3. EHR/telemedicine integration remains a relative gap in Brazil’s pharma agenda, unlike U.S./Canada where provider-system connectivity is mainstream.
4. Governance and workforce investments lag in Brazil (dedicated D-H Telehealth teams in 38%; training in 47%), broadly echoing global concerns about standard operating procedures, auditing, and risk management in rapid AI adoption.
5. Security/interoperability is a universal barrier, Brazil’s high severity mirrors global cybersecurity concerns in healthcare ecosystems.

Discussion

Brazilian multinationals show clear momentum in digital health adoption: nearly half are scaling initiatives, with AI/ML and patient engagement at the center of these efforts.

This orientation, combined with high optimism, creates practical opportunities for measurable gains in areas such as medication adherence and patient-reported outcomes integrated into medical and commercial activities.

An important interpretative consideration relates to the classification of AI/ML within the survey results.

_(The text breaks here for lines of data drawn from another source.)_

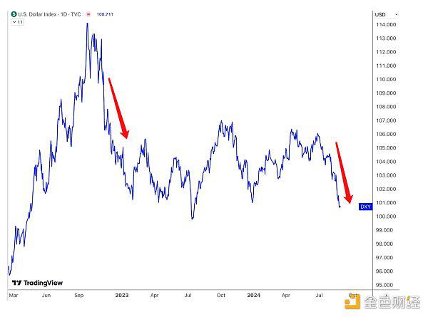 过去一个月,美元指数(DXY)已下跌3.5%,为2022年底以来最快的下跌速度,这与市场对美联储降息预期增强有关。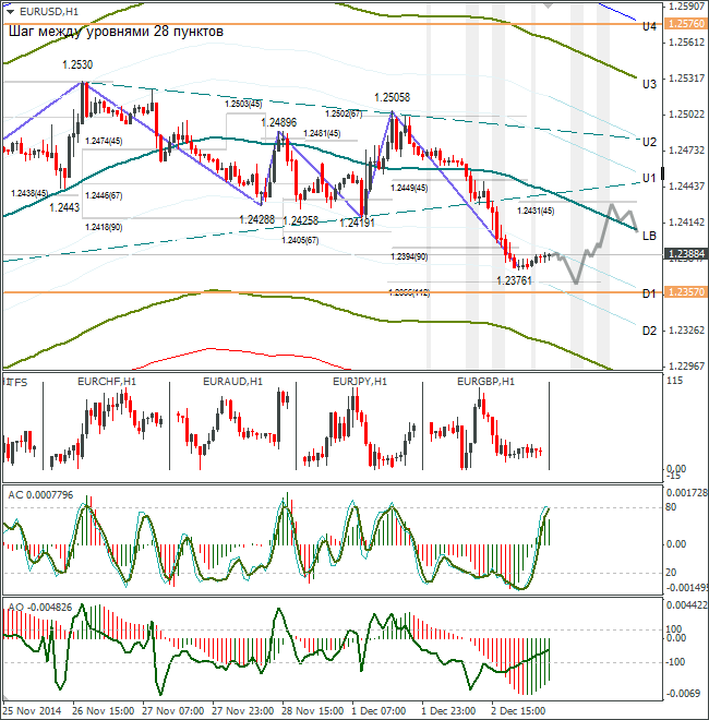 Позже в Китае вышел индекс деловой активности HSBC в сфере услуг, который в ноябре вырос до 53 с 52,9 месяцем ранее. Азиатские участники рынка проигнорировали данный отчёт. В момент написания обзора евро/доллар торгуется в узком диапазоне на уровне 1,2385. Допускаю, что евро/доллар снизится до 1,2365, после чего курс восстановится до 1,2430.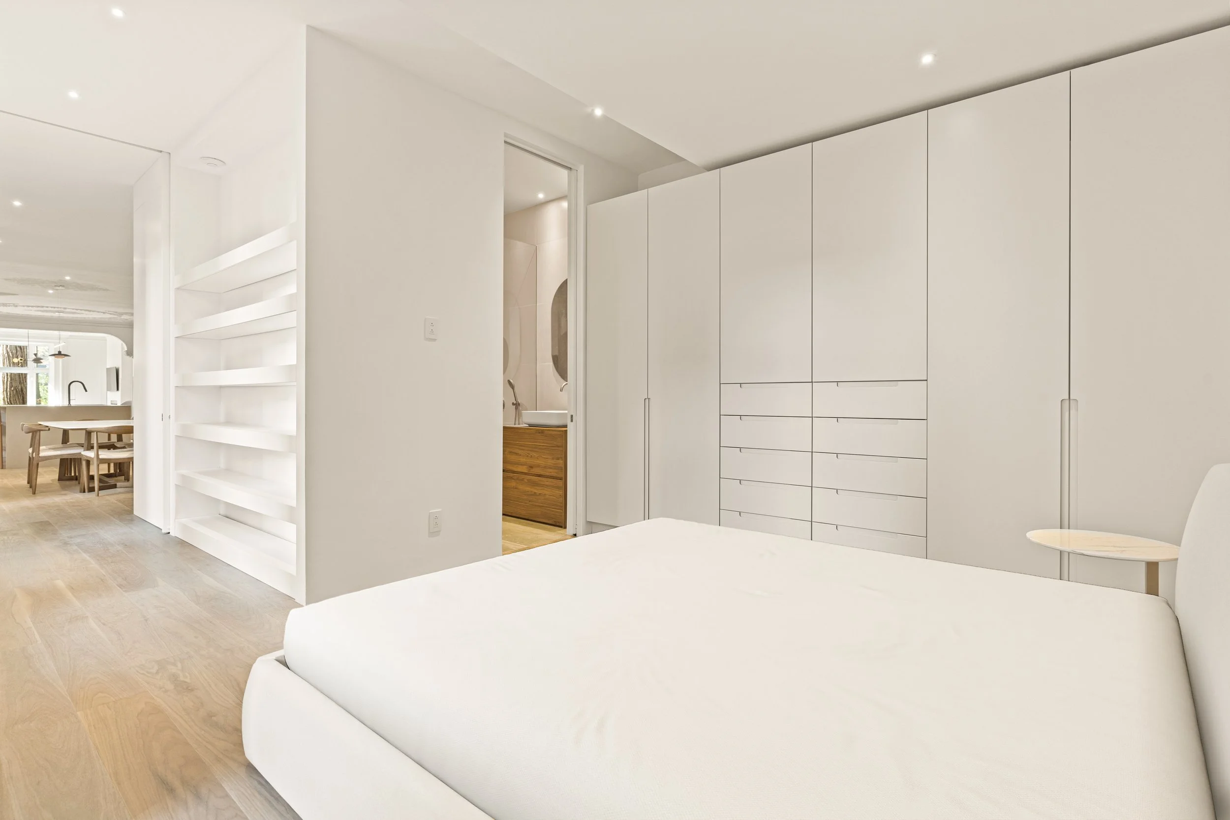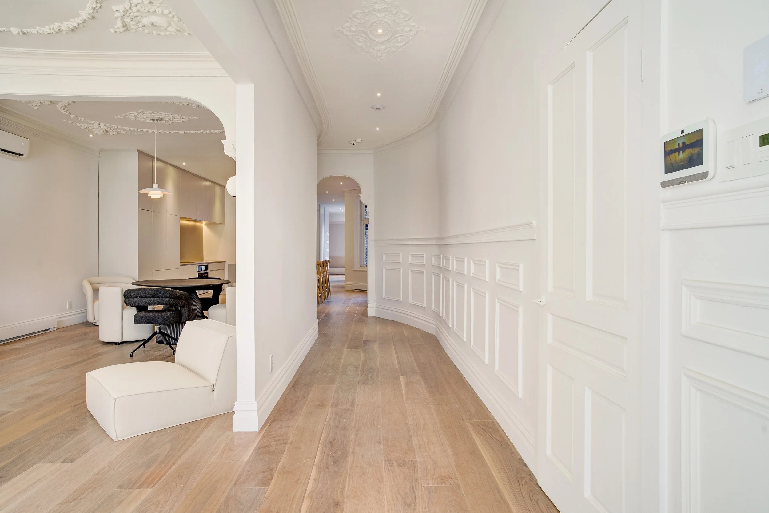 Nous avons mis en valeur les moulures, les ornements et les éléments historiques du bâtiment tout en intégrant une touche de modernité, créant ainsi une belle fluidité entre tradition et design actuel.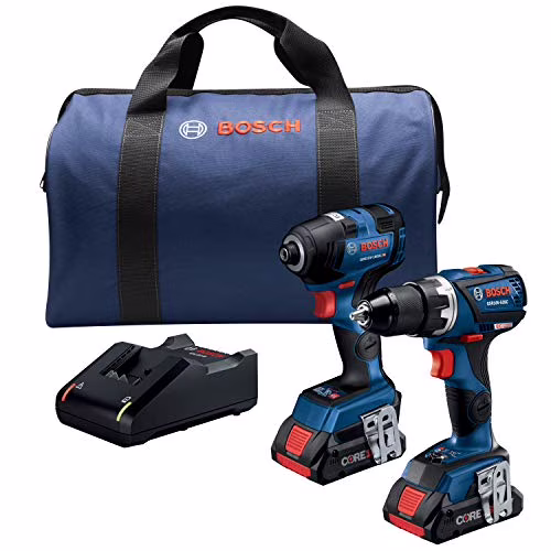 BOSCH GXL18V-238B25 18V 2-Tool Combo Kit with Connected-Ready 1/4 In. Hex Impact Driver, Connected-Ready Compact Tough 1/2 In. Drill/Driver and (2) CORE18V 4.0 Ah Batteries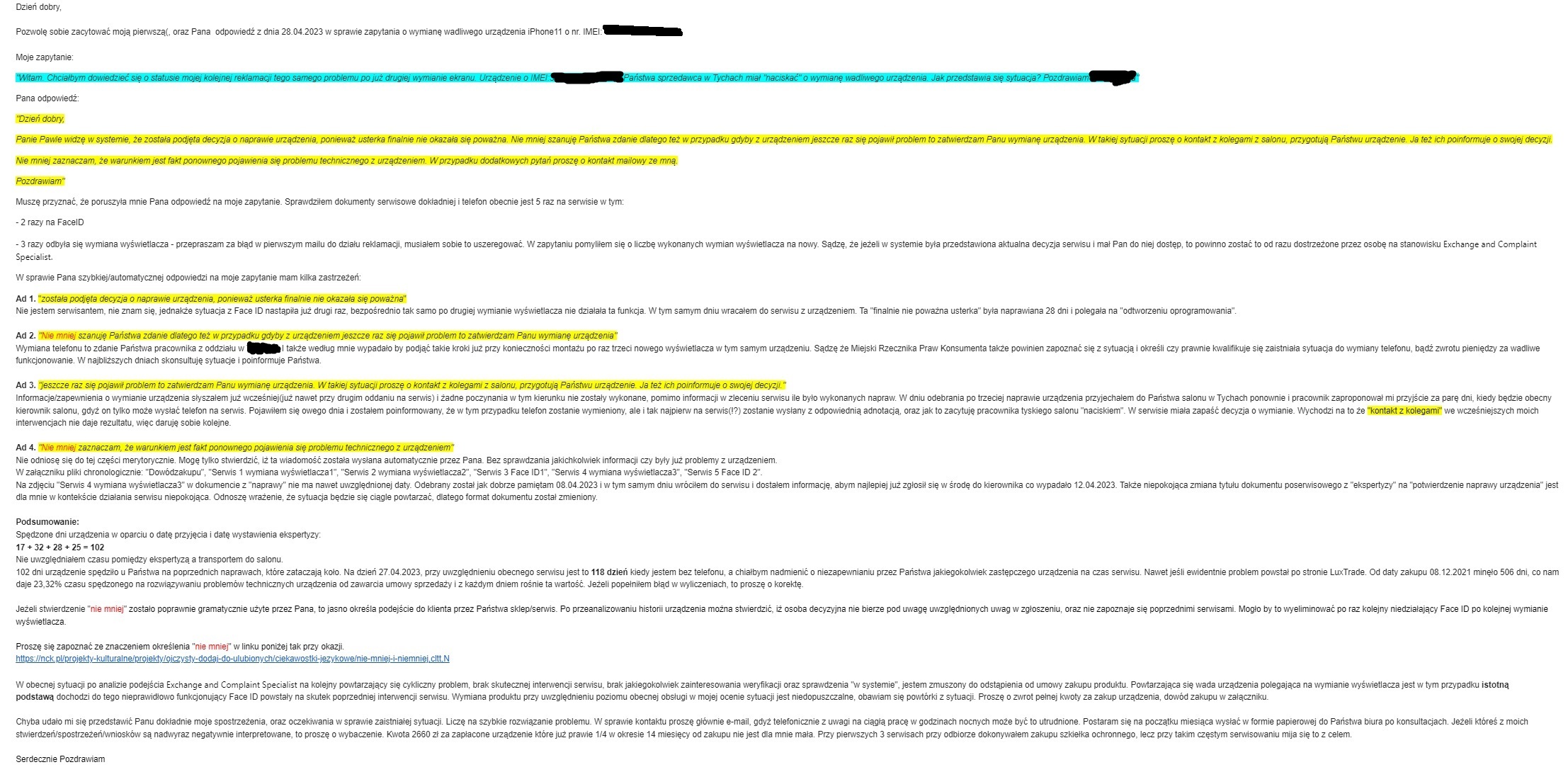 Siemka. Od jakiegoś czasu borykam się z "odnowionym" iphone. Kilka serwisów, wycieczki do sklepu, gdzie były zapewnienia już po przy drugim serwisie o wymianie urządzenia. Napisałem maila z zapytaniem i coś mnie poruszyło na tyle po otrzymaniu odpowiedzi od Exchange and Complaint Specialist, że postanowiłem troszkę dokładnie przeanalizować sprawę. Troszkę dużo czytania ale chciałem aby sprawa była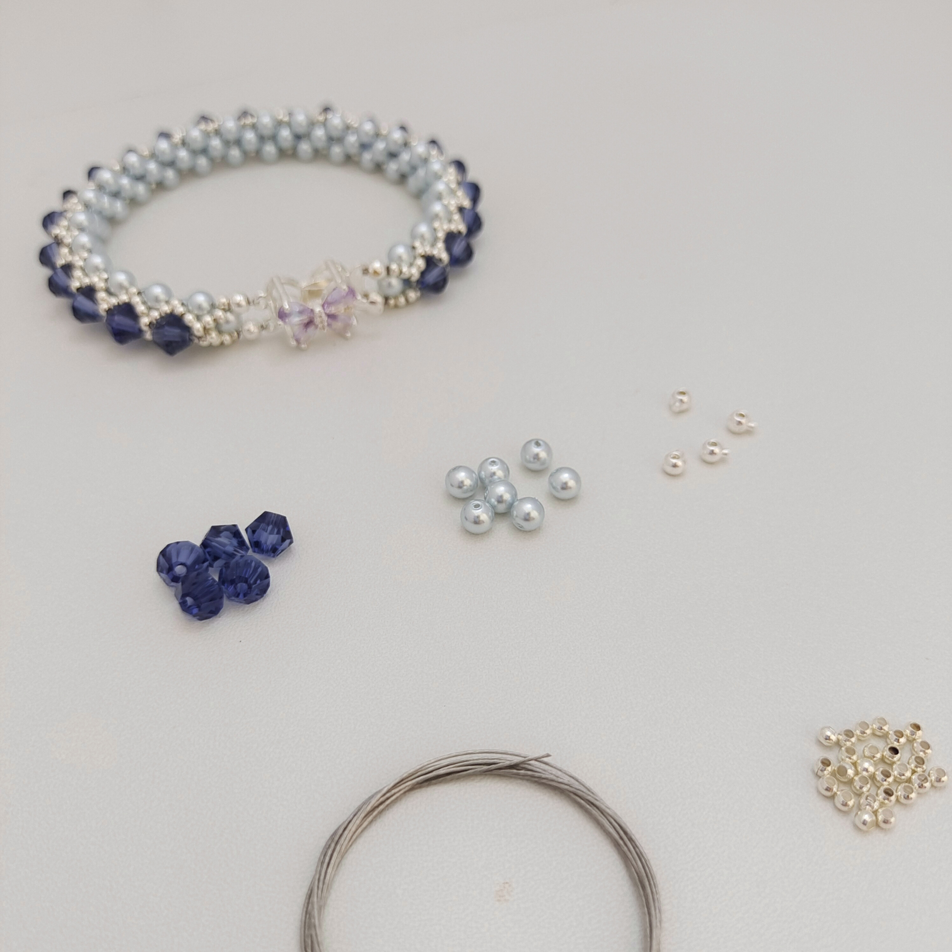 【No.91】DIY Bracelet Kit – Lotus Lilac | Lilac Crystal & Blue Pearl | Full Video Tutorial Included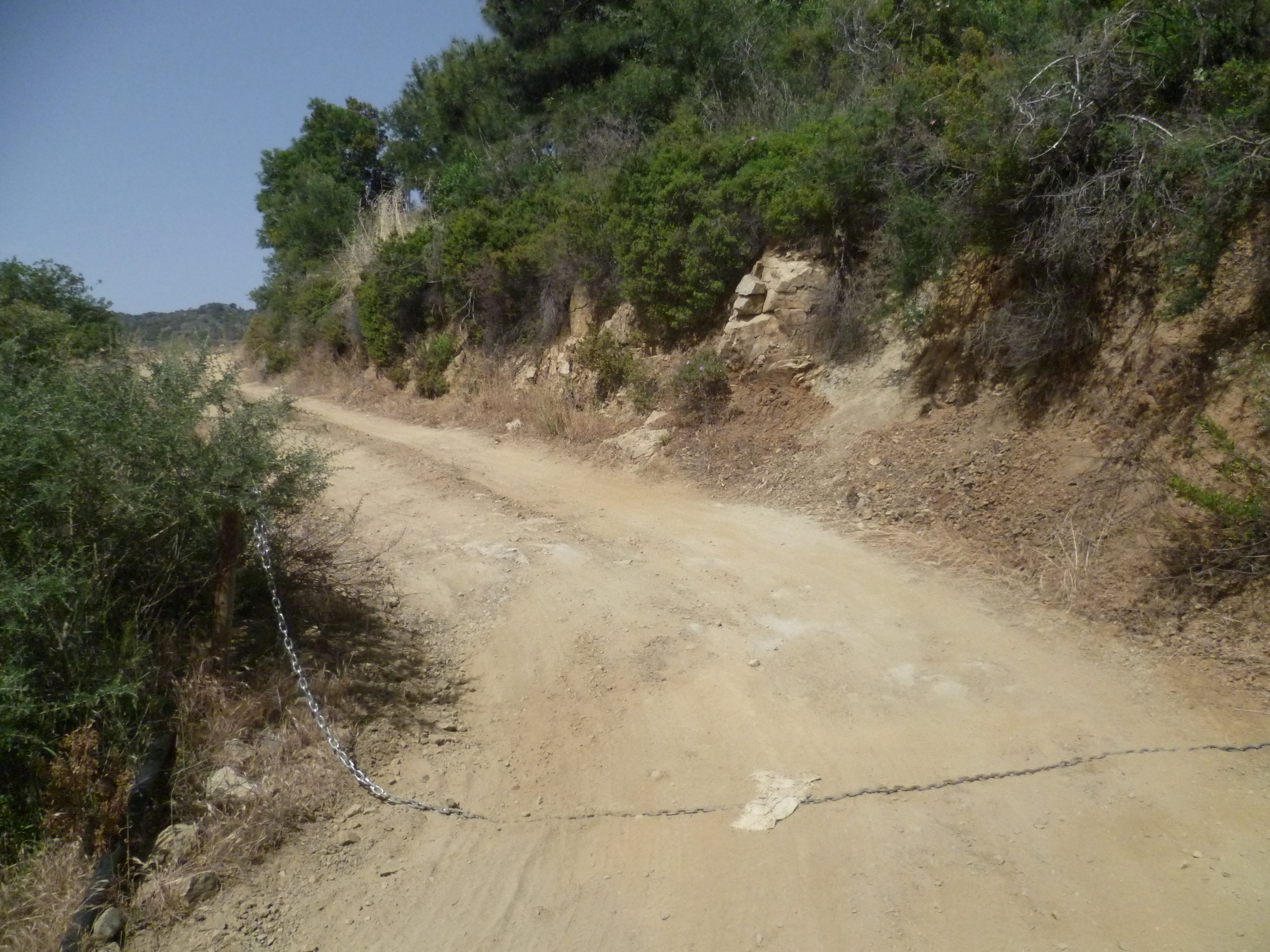 Although you are headed for Machairas Monastery and beyond, you will need to take the left-hand fork here i.e. the one which is NOT signposted to Machairas! The road descends downhill, heading in a north-westerly direction into a large valley. You will need to need to follow this main track for the next hour and a half, always keeping the valley bed to your left.

Unlike other reported categories, which correspond to clearly defined operational use cases, AI/ML represents a foundational capability that underpins a wide range of digital health applications. The prominence of AI/ML in the responses therefore signals a strategic orientation toward data-driven transformation but does not necessarily indicate mature or scaled implementation at the application level. This distinction may partly explain the coexistence of high AI prioritization with relatively low adoption of integrated solutions such as telemedicine and EHR-linked workflows.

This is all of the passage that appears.